Safety of Drugs during Pregnancy and Breastfeeding in Cystic Fibrosis Patients
Author(s) -
Alice Panchaud,
Ermindo R. Di Paolo,
Angela Koutsokera,
Ursula Winterfeld,
Etienne Weisskopf,
David Baud,
Alain Sauty,
Chantal Csajka
Publication year - 2016
Publication title -
respiration
Language(s) - English
Resource type - Journals
SCImago Journal Rank - 1.264
H-Index - 81
eISSN - 1423-0356
pISSN - 0025-7931
DOI - 10.1159/000444088
Subject(s) - medicine , cystic fibrosis , pregnancy , breastfeeding , lactation , obstetrics , intensive care medicine , breast feeding , pediatrics , genetics , biology
Health management of cystic fibrosis (CF) patients should be maximized during pregnancy and breastfeeding because of its significant impact on the maternal and newborn outcomes.
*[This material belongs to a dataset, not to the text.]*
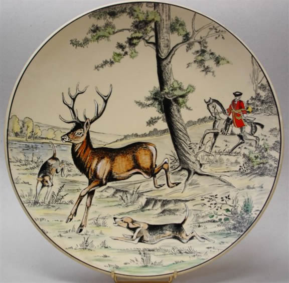 LONGWY - Grand PLAT orné d'une scène de chasse à courre, création de Paul MIGNON.
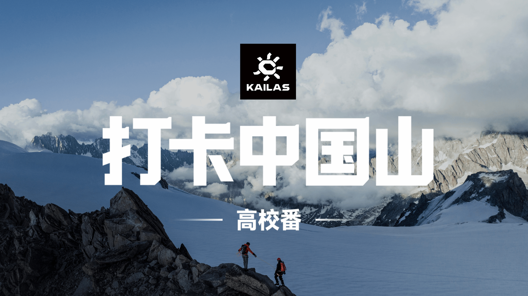 “KAILAS打卡中国山”高校番是由广州领攀户外运动中心发起、KAILAS品牌提供专业支持,在国内高校招募选拔组织的,专门针对国内高校大学生组织的探索中国山峰的项目活动。旨在鼓励高校大学生通过参与活动,敢于热爱,积极探索,追求美好生活。通过将积极向上的精神融入当下及未来的学习生活,并且把热爱分享给身边更多的小伙伴,带动更多的朋友一起走进户外,体验户外,享受户外。

Thus, numerous drugs will have to be continued during pregnancy and lactation. Most of the drugs representing CF treatment lines cross the placenta or are excreted into human milk. Research addressing the risks and benefits of drugs used in CF patients during pregnancy and lactation is often incomplete or challenged by limited methodology, which often leads to conflicting or inconclusive results. Yet, potential treatment benefits for CF pregnant patients most often outbalance potential risks for the unborn child.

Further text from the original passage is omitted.